Photography by Fusion Marine

One of the layout possibilities with Fusion’s four-zone head units, wired remotes, amps, and speakers.

You get the same volume and source controls at each of four possible wired remotes, minus the graphics, or you can set a remote to simply control the volume/mute of the zone it’s in. You can also set volume limits for individual zones to protect smaller speakers, as well as high- and low-pass filters to tailor the sound to whatever speakers the zone uses. You don’t need to use Fusion speakers or auxiliary amps—most any brand will integrate—but the company did exercise its boaty and innovative ways in these departments too. For instance, Fusion’s four-, six-, and seven-inch two-way speakers feature titanium tweeters and heat-pressed polypropylene cones for both audio detail and marine endurance. Prices range from $70 to $130 a pair with a choice of three grill styles, and the $100, 25-watt AM100 zone amp is both compact and water-resistant.

So how does Fusion sound? Excellent, though the normal speaker size and power generalities do apply.
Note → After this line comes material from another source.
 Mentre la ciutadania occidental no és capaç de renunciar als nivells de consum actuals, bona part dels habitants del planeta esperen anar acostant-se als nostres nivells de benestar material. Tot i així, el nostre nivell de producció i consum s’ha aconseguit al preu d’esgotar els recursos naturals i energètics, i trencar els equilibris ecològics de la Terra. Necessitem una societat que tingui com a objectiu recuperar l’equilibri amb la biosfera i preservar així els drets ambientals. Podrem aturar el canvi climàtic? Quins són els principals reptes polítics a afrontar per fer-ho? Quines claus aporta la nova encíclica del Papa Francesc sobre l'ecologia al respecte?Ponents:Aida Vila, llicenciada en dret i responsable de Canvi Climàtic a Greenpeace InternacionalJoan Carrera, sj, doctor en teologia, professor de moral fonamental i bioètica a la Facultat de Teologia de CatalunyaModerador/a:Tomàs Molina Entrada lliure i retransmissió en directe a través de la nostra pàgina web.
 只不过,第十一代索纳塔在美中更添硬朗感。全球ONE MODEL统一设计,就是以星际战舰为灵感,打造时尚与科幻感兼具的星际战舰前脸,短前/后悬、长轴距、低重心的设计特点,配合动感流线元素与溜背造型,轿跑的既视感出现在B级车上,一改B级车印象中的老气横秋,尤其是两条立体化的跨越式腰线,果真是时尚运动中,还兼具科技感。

The four-inch two-ways sound quite clean and full versus similar-size speakers, but even better when powered by the zone amp instead of the head unit; the seven-inchers are better still. And nothing provides bottom like a good subwoofer properly powered—even the bass groove coming from a dinky iPod. It was interesting to compare the exact same speaker setups with the iPod first connected via its headphone jack and then via the digital connector built into its dock (which also charges it). The digital interface sounds much better, and the Fusion is quick at displaying playlist choices, tune titles, etc.

In fact I recorded some of my tests and will post these clips on my blog in the hope that they can help folks compare different possible system layouts. Installing a Fusion stereo is a feasible do-it-yourself project, with a major springtime audio payoff, but there are lots of possibilities to consider. For instance, you can put two zones in, say, the same main saloon and thus have fade control (like in your car). And Fusion also offers a CD-playing MS-CD500 head unit, with a separate iPod dock option, though I for one no longer see the need to lug the things onto a boat. Apple’s iTunes computer software has gotten very good at recording CDs, and/or downloading music, podcasts, and audio books.
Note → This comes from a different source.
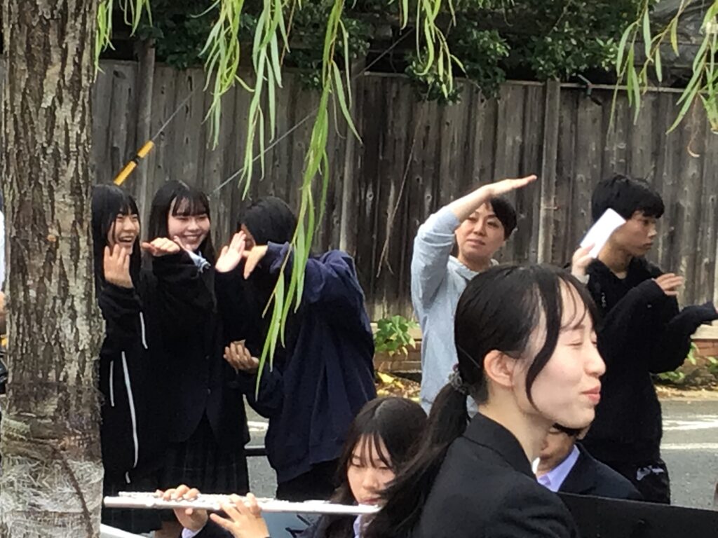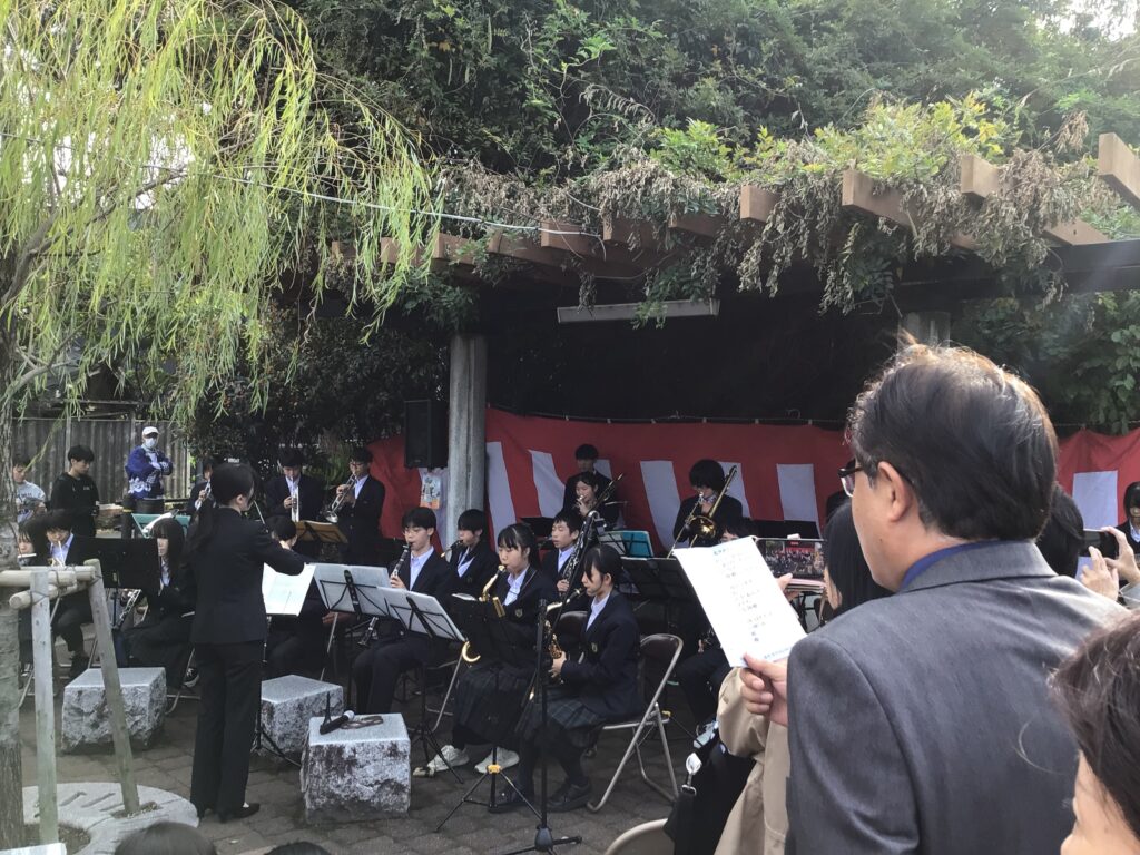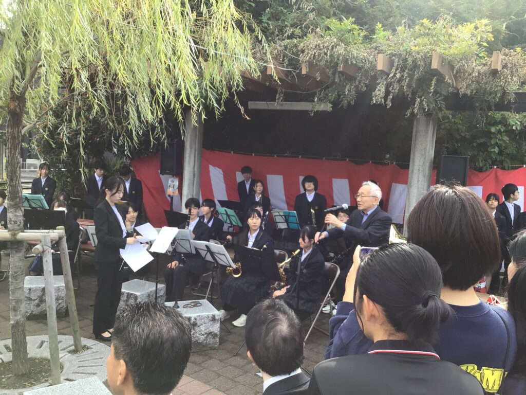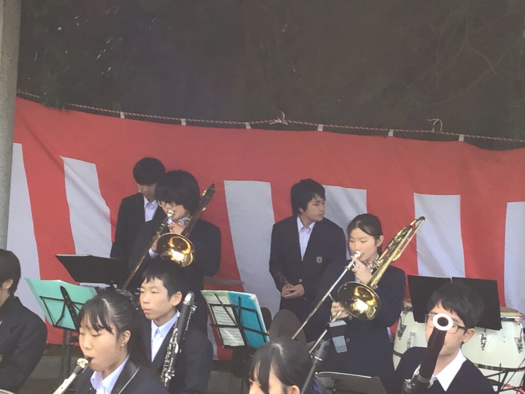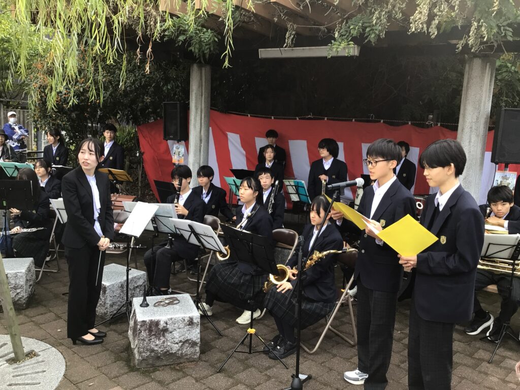 今日は、五辻常夜灯まつりに本校の吹奏楽部が招待を受けて演奏しました。 本校から徒歩1分以内にある五辻常夜灯は、江戸時代に京都から柳谷観音へ行く 参拝者のために立てられ、重要な交通の拠点でした。 この五辻がポケットパークとして復元・整備され 現在では地域の憩いの場となっています。 向日市のシンボルの1つでもある「五辻常夜灯」の前で、 本校の吹奏楽部は、流行の曲からみなさんに知られている曲、 そして、地域のシンボルが後世にも続く思いを込めて「故郷」を演奏しました。 3年の先輩が引退してから新体制となりましたが、 文化祭での演奏、ひまわりフェスタ、五辻常夜灯まつりと3日間連続の演奏を通して、 目指す生徒像の1つである地域に【貢献】する堂々とした演奏でした。お疲れ様でした!

Note that on the larger yachts where regular home-audio products can safely abide, there are many iPod options. For instance, the skipper I profiled in November’s “Early Adopter” column can see his iPod’s files on a huge plasma screen and control it with his system-wide color touchscreen remote, and the audio is broadcast over FM to all the staterooms on his Azimut 55 and to neighbors who’d care to tune in (details at my blog).
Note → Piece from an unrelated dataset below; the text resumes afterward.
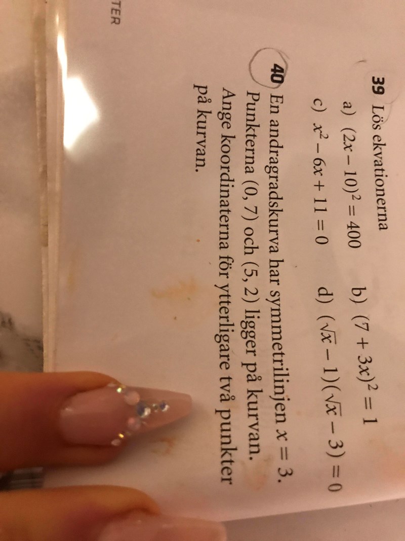 Vet inte riktigt hur jag ska göra. Symmetrilinjen är 3 dvs p kommer vara -6 punkten 0,7 är y axel 7 när x är noll. Blir ekvationen X^2-6x+ 7? Isånafall hur bestämmer jag fler punkter?
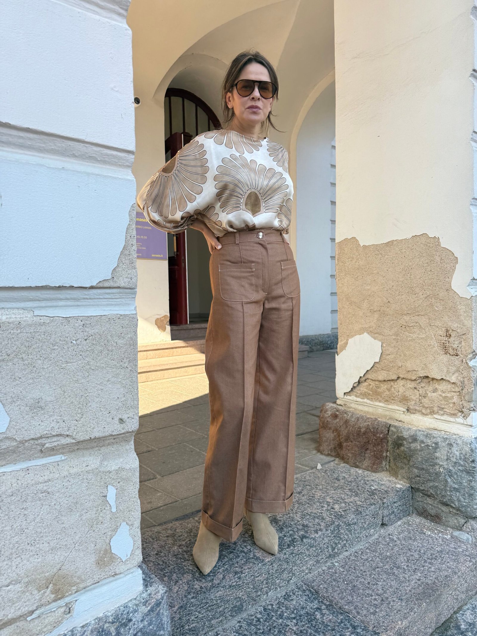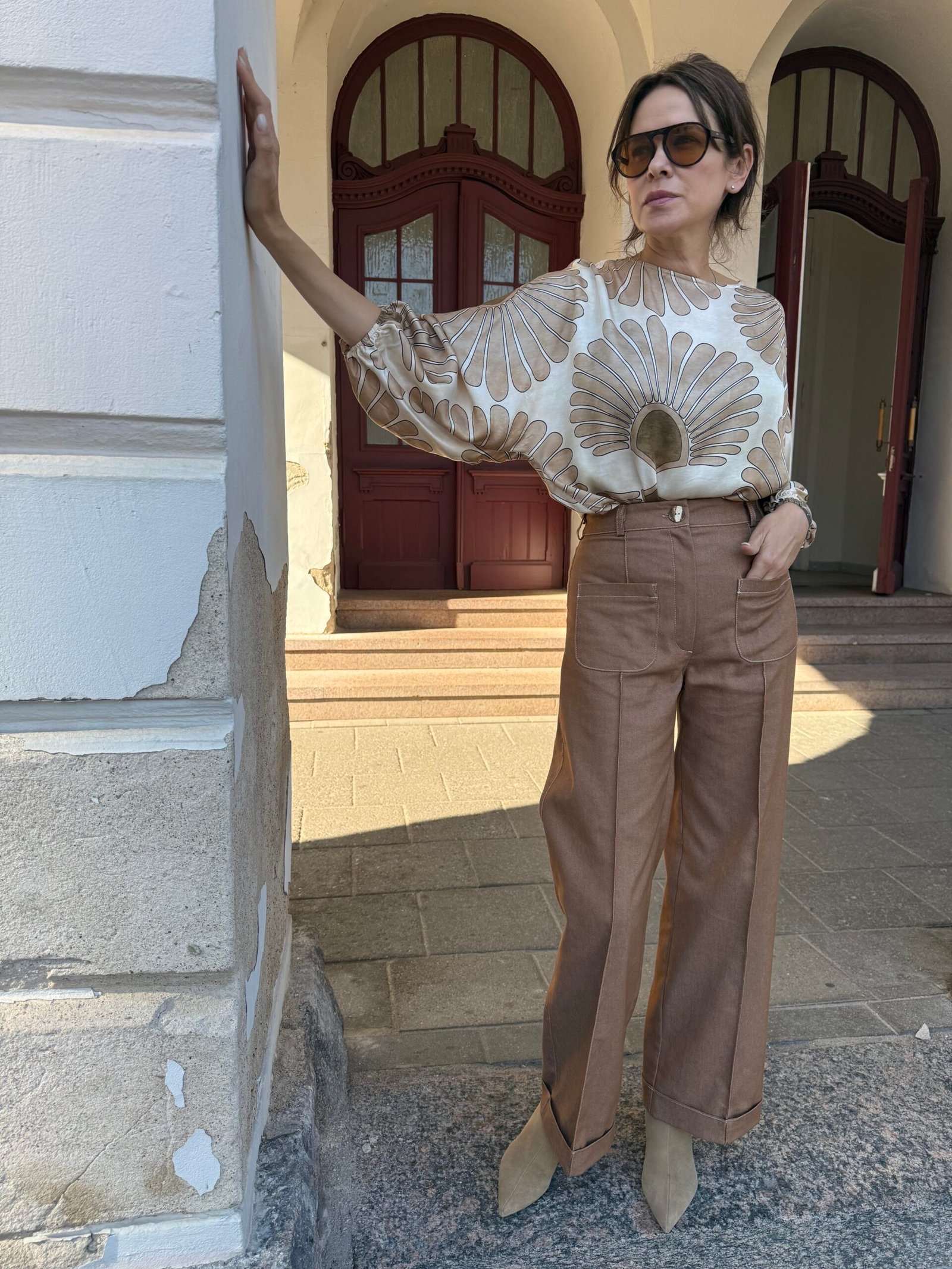 Elegantiška ir subtili – ši šilko palaidinė alsuoja lengvumu ir rafinuotumu. Natūralus šilkas švelniai priglunda prie odos, gražiai krenta ir suteikia komforto pojūtį kiekviename judesyje. Puikiai dera tiek prie camel, tiek prie baltų džinsų.

But no company I know of is doing iPod-centered audio for mid-size boats like Fusion, and few are even applying much innovation to boat audio (Poly-Planar being the exception that comes to mind). And Fusion isn’t done. Just announced is the MS-AV300, which will play DVDs and have two video outputs—maybe one for your plotter and one for your TV—while retaining most of the features of the existing MS head units. It will also support the separate iPod dock and hopefully—some “small engineering challenges” remain—will play the movies, TV shows, and video podcasts that you can easily download to an iPod these days. I gleefully watched The Daily Show on my Touch in an airport lounge recently, and I want that capability on my dreamboat, too.